#### [Task requirements]
Could you transcribe exactly the lines below, from the line with "А как ты думаешь, о" through the line with "Kapten kesebelasan Atletico", and nothing else, leaving out the pictures?

BEGIN Entries provided

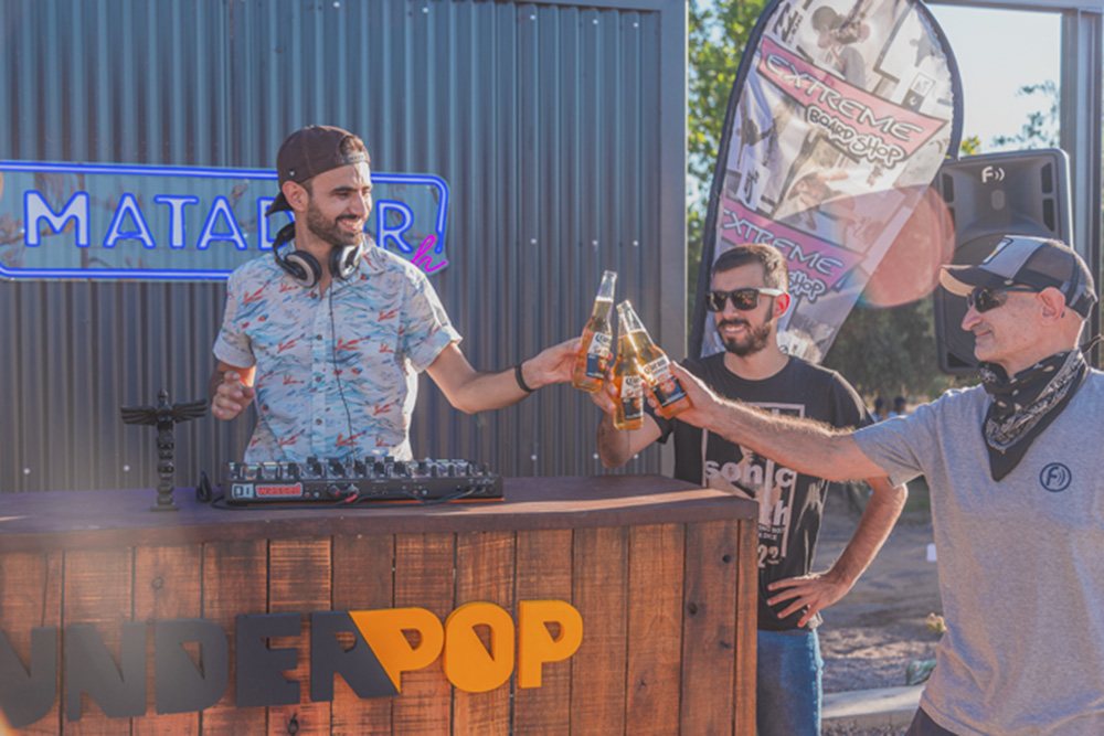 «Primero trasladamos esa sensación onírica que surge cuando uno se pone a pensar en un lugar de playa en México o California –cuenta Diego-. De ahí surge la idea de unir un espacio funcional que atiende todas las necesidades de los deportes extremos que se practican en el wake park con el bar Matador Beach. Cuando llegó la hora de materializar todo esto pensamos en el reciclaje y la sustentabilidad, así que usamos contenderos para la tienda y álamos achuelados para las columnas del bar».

END Entries provided
BEGIN Entries provided

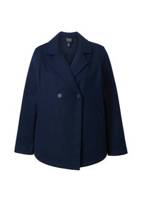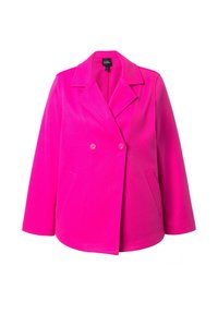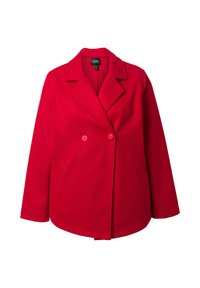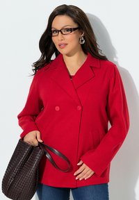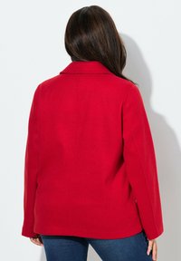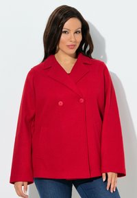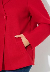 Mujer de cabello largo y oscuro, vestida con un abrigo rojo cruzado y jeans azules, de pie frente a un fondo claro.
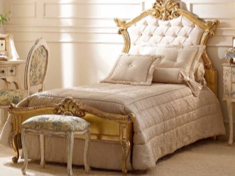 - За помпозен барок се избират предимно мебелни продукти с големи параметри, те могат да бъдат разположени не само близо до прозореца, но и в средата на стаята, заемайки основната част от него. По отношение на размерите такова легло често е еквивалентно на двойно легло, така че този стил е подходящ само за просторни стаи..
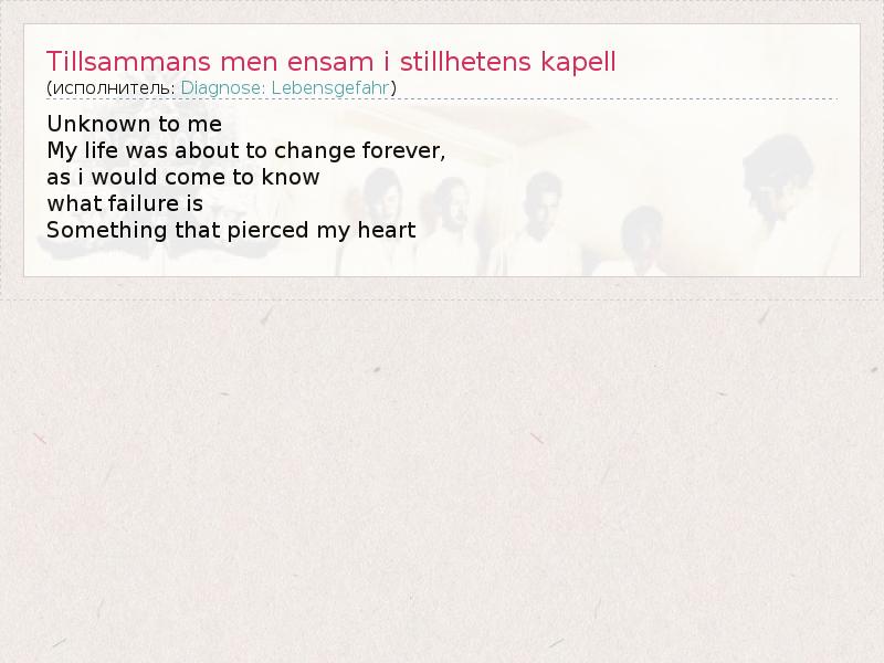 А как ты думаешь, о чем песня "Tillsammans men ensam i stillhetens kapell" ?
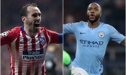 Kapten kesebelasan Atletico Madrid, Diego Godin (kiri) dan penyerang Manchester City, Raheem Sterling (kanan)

END Entries provided

#### [Response area]
 А как ты думаешь, о чем песня "Tillsammans men ensam i stillhetens kapell" ?
 Kapten kesebelasan Atletico Madrid, Diego Godin (kiri) dan penyerang Manchester City, Raheem Sterling (kanan)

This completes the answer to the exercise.